Жюли де Полиньяк не возразила ни слова и, сделав положенный реверанс, неслышными шагами вышла из комнаты.

Королева стояла отвернувшись; услышав легкий скрип двери, она быстро обернулась и увидела, что она одна.

– Она бросила меня! Она в самом деле ушла! – горестно воскликнула Мария-Антуанетта. – Ах, и она – такая же, как все! Она никогда не любила меня… Но кто же наконец любит меня? – с отчаянием продолжала она. – Кто на всем свете забывает, что я – королева? Боже, боже, я так жажду любви и дружбы и не могу найти их, а они обвиняют меня за то, что в моей груди бьется сердце! О боже, сжалься надо мной, сделай меня слепой, чтобы я не видела вероломства моих друзей, оставь мне хоть веру в мою милую Жюли, не заставляй меня так горько чувствовать свое одиночество!

Она упала на стул и, закрыв лицо руками, предалась своим тяжелым думам. Солнце село, начинало смеркаться.

Мария-Антуанетта опустила руки и содрогнулась.

– Теперь они уже произнесли приговор, – прошептала она, – теперь уже решен вопрос, дозволительно ли безнаказанно оскорблять королеву Франции. Ах, если бы я могла узнать наверное! Я пойду к Кампан.

Она быстро прошла через свою уборную и отворила дверь в комнату своей главной камер-фрау. Мадам Кампан стояла у окна и так пристально всматривалась в надвигавшуюся темноту, что не заметила прихода королевы, пока та не позвала ее.

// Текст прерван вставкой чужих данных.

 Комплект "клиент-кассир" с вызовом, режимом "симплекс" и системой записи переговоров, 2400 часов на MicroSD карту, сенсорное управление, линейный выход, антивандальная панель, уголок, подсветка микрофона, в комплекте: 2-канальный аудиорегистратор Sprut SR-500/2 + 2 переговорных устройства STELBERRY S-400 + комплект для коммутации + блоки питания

– Господи помилуй, королева! – с испугом воскликнула она. – Здесь, у меня?!

У Марии-Антуанетты вырвался жест нетерпения.

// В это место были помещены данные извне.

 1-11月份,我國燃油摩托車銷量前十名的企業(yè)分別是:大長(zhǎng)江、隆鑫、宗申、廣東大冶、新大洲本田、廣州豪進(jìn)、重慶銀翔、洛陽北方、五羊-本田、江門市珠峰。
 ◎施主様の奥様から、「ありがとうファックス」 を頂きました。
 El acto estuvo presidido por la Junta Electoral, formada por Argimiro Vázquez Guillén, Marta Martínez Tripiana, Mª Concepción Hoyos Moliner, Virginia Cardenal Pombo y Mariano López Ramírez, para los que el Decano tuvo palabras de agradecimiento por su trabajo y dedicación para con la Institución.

– Вы хотите сказать, что этикет не дозволяет королеве входить в комнату ее доверенной камер-фрау? Бывают дни, милая Кампан, когда королевская мантия прикрывает бедное человеческое сердце, нуждающееся в сочувствии. Я знаю, что вы преданы мне, и пришла к вам. Кампан, вы, кажется, говорили, что, как только приговор будет произнесен, вы тотчас получите известие об этом?

– Да, ваше величество, я потому и стояла у окна, что поджидала моего посла.

– Как это странно! – задумчиво сказала королева. – Я называюсь королевой Франции, а у меня нет никого, кто поторопился бы принести мне это важное известие; у моей же камер-фрау есть преданные друзья, делающие для нее то, чего никто не делает для королевы.

– Простите, ваше величество, – с улыбкой возразила Кампан, – это делают для меня только потому, что я служу вашему величеству. Вчера я была у члена парламента Бюжо, который женат на моей двоюродной сестре…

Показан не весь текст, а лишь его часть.